(The input)
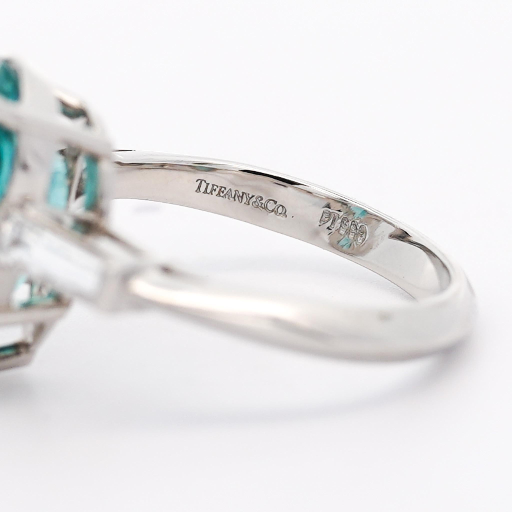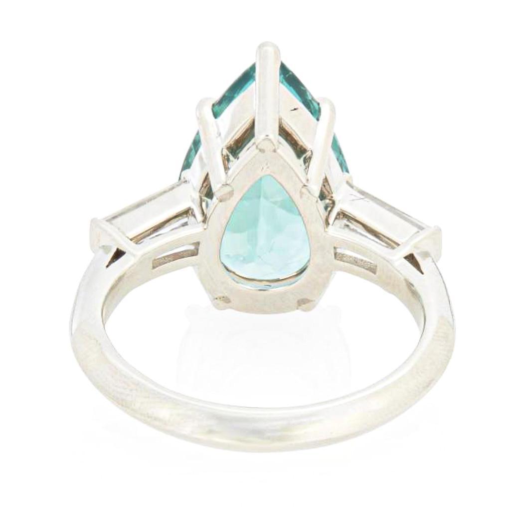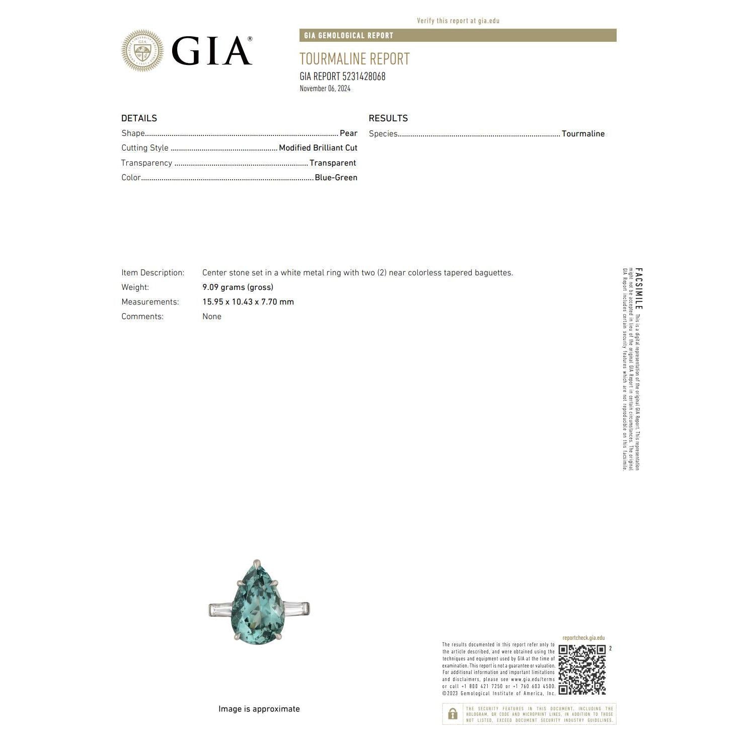 Vintage Tiffany & Co. Signed 6.5 Carat Pear Cut Green-Blue Tourmaline and Baguette Cut Diamond Three Stone Platinum Engagement Ring. Ring size 7.5, GIA certified. Complete with the original Tiffany & Co. box.
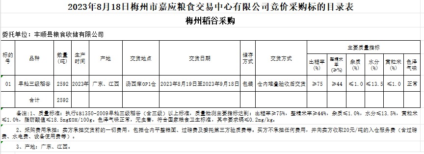 受客戶委托,梅州市嘉應(yīng)糧食交易中心有限公司定于2023年8月18日(星期五)舉辦糧食競價(jià)交易會(huì)。豐順縣糧食收儲(chǔ)有限公司擬采購2023年早秈稻2592噸。
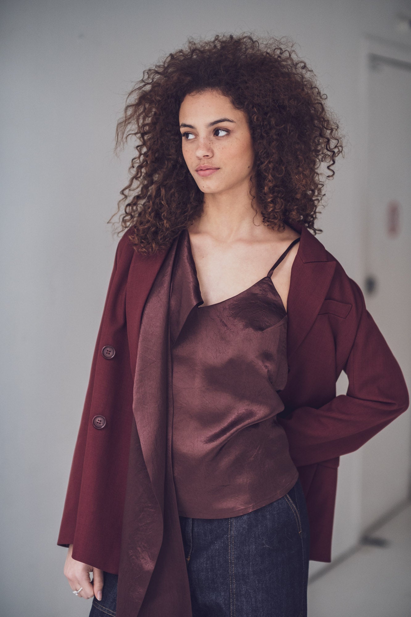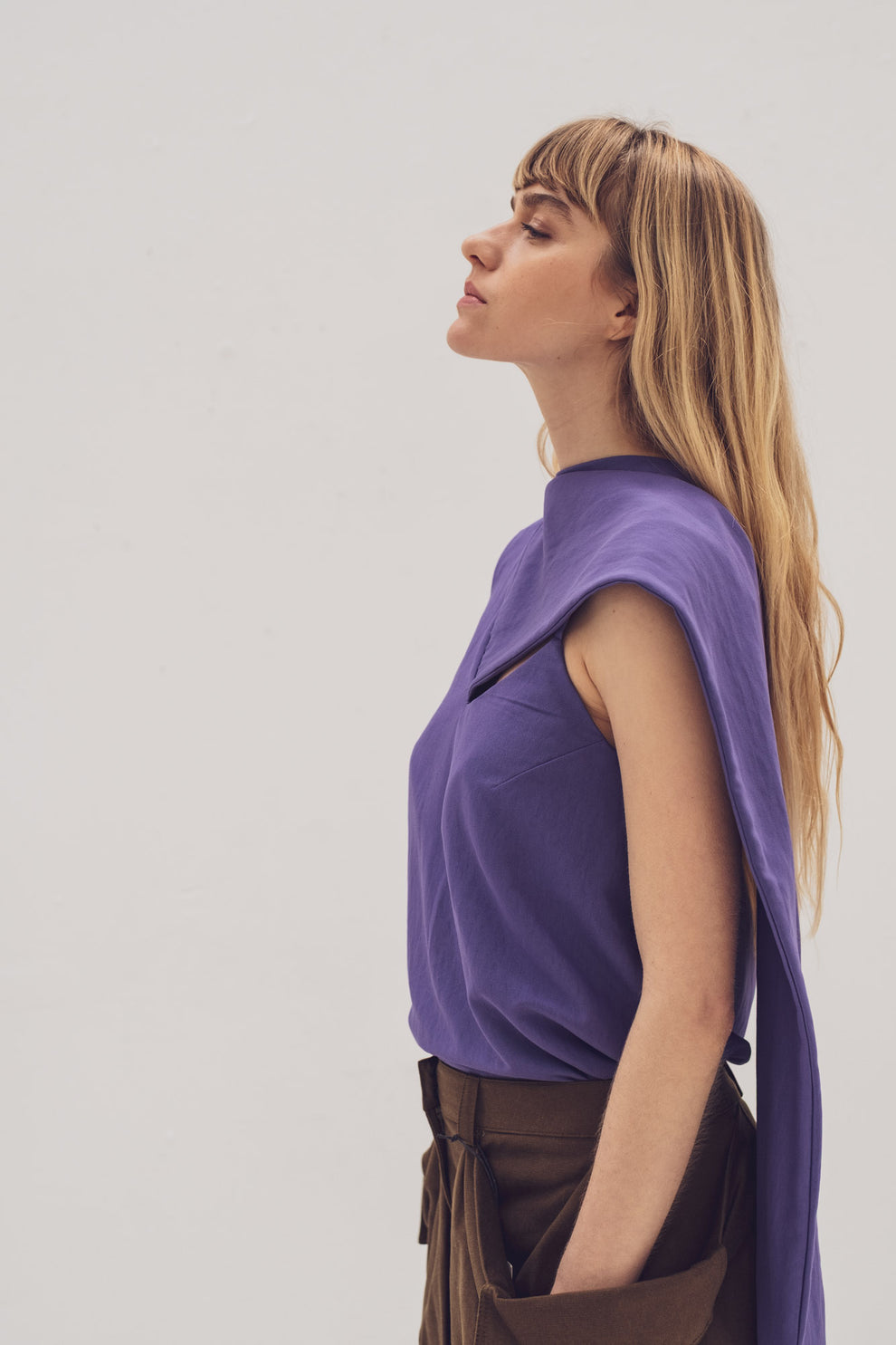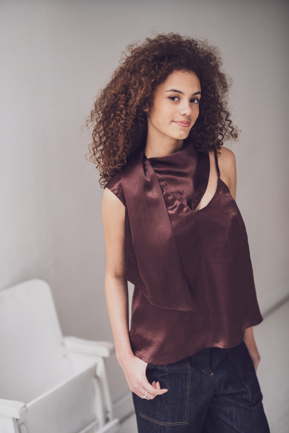 Willow attire tous les regards. La coupe asymétrique, le décolleté dans le dos et le foulard intégré dans l’encolure du panneau devant créent un jeu intéressant de lignes et de contrastes.
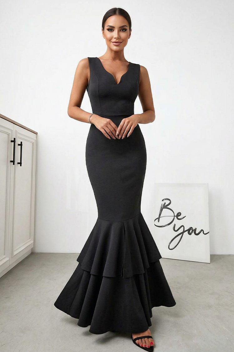 - A modell sellő szabású, elegáns fodrok, testhezálló szabású, V dekoltázzsal és fekete színben.
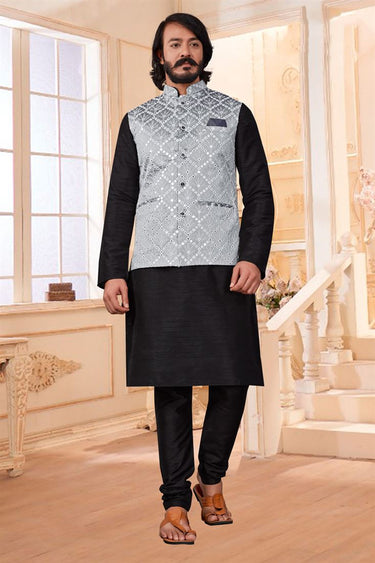 Gorgeous Black Color Art Silk Fabric Festive Wear Readymade Kurta Pyjama With Stylish Jacket
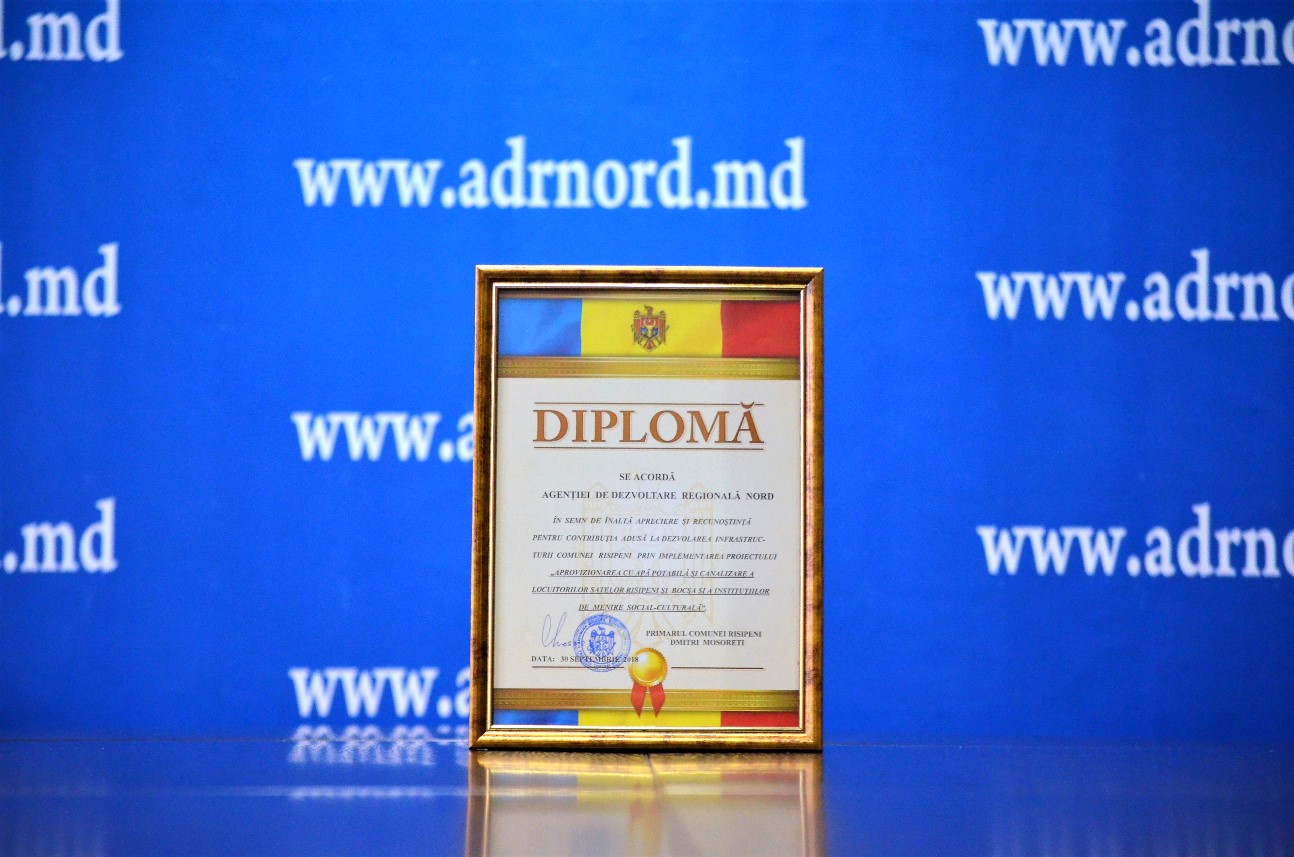 Prima - Noutăți - Primăria comunei Risipeni a acordat ADR Nord o diplomă în semn de înaltă apreciere și recunoștință pentru implementarea unui proiect de aprovizionare cu apă
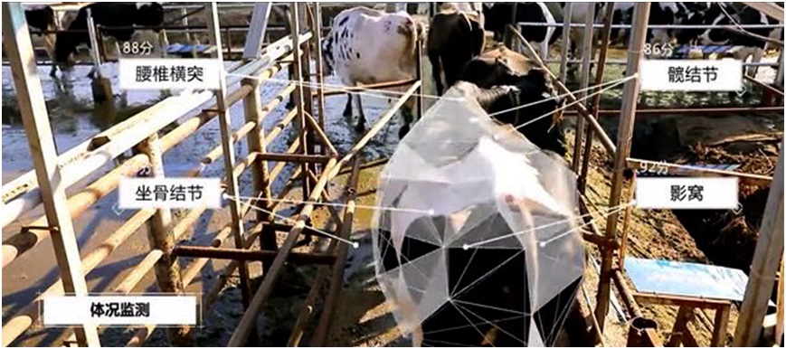 對(duì)產(chǎn)奶期的奶牛來說,它們的體況是否健康尤其重要,直接關(guān)系到奶制品的品質(zhì)安全。而傳統(tǒng)的體況評(píng)估,需要依托有經(jīng)驗(yàn)的養(yǎng)牛專家到現(xiàn)場(chǎng)對(duì)牛進(jìn)行近距離的觸摸才能做出判斷?!敖Y(jié)合AI算法,可無接觸自動(dòng)化對(duì)牛的體況進(jìn)行評(píng)分。通過在牛場(chǎng)通道部署深度傳感器與深度攝像頭等智能化設(shè)備,俯拍路過的奶牛,再通過圖片分割模型、3D點(diǎn)云分析等技術(shù),便可智能化生成牛只體況得分情況,如此極大簡(jiǎn)化了傳統(tǒng)人工勞作?!本〇|數(shù)科數(shù)字農(nóng)牧相關(guān)負(fù)責(zé)人介紹道。
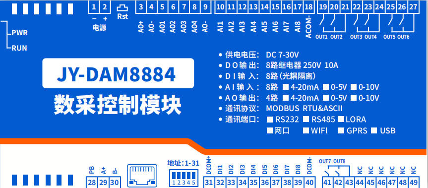 功能說(shuō)明:8DO+8DI+8AI
(End The input)
*The problem:*
Transcribe the whole listing exactly. Pictures stay out of your copy.

*Solution:*
 Vintage Tiffany & Co. Signed 6.5 Carat Pear Cut Green-Blue Tourmaline and Baguette Cut Diamond Three Stone Platinum Engagement Ring. Ring size 7.5, GIA certified. Complete with the original Tiffany & Co. box.
 受客戶委托,梅州市嘉應(yīng)糧食交易中心有限公司定于2023年8月18日(星期五)舉辦糧食競價(jià)交易會(huì)。豐順縣糧食收儲(chǔ)有限公司擬采購2023年早秈稻2592噸。
 Willow attire tous les regards. La coupe asymétrique, le décolleté dans le dos et le foulard intégré dans l’encolure du panneau devant créent un jeu intéressant de lignes et de contrastes.
 - A modell sellő szabású, elegáns fodrok, testhezálló szabású, V dekoltázzsal és fekete színben.
 Gorgeous Black Color Art Silk Fabric Festive Wear Readymade Kurta Pyjama With Stylish Jacket
 Prima - Noutăți - Primăria comunei Risipeni a acordat ADR Nord o diplomă în semn de înaltă apreciere și recunoștință pentru implementarea unui proiect de aprovizionare cu apă
 對(duì)產(chǎn)奶期的奶牛來說,它們的體況是否健康尤其重要,直接關(guān)系到奶制品的品質(zhì)安全。而傳統(tǒng)的體況評(píng)估,需要依托有經(jīng)驗(yàn)的養(yǎng)牛專家到現(xiàn)場(chǎng)對(duì)牛進(jìn)行近距離的觸摸才能做出判斷?!敖Y(jié)合AI算法,可無接觸自動(dòng)化對(duì)牛的體況進(jìn)行評(píng)分。通過在牛場(chǎng)通道部署深度傳感器與深度攝像頭等智能化設(shè)備,俯拍路過的奶牛,再通過圖片分割模型、3D點(diǎn)云分析等技術(shù),便可智能化生成牛只體況得分情況,如此極大簡(jiǎn)化了傳統(tǒng)人工勞作?!本〇|數(shù)科數(shù)字農(nóng)牧相關(guān)負(fù)責(zé)人介紹道。
 功能說(shuō)明:8DO+8DI+8AI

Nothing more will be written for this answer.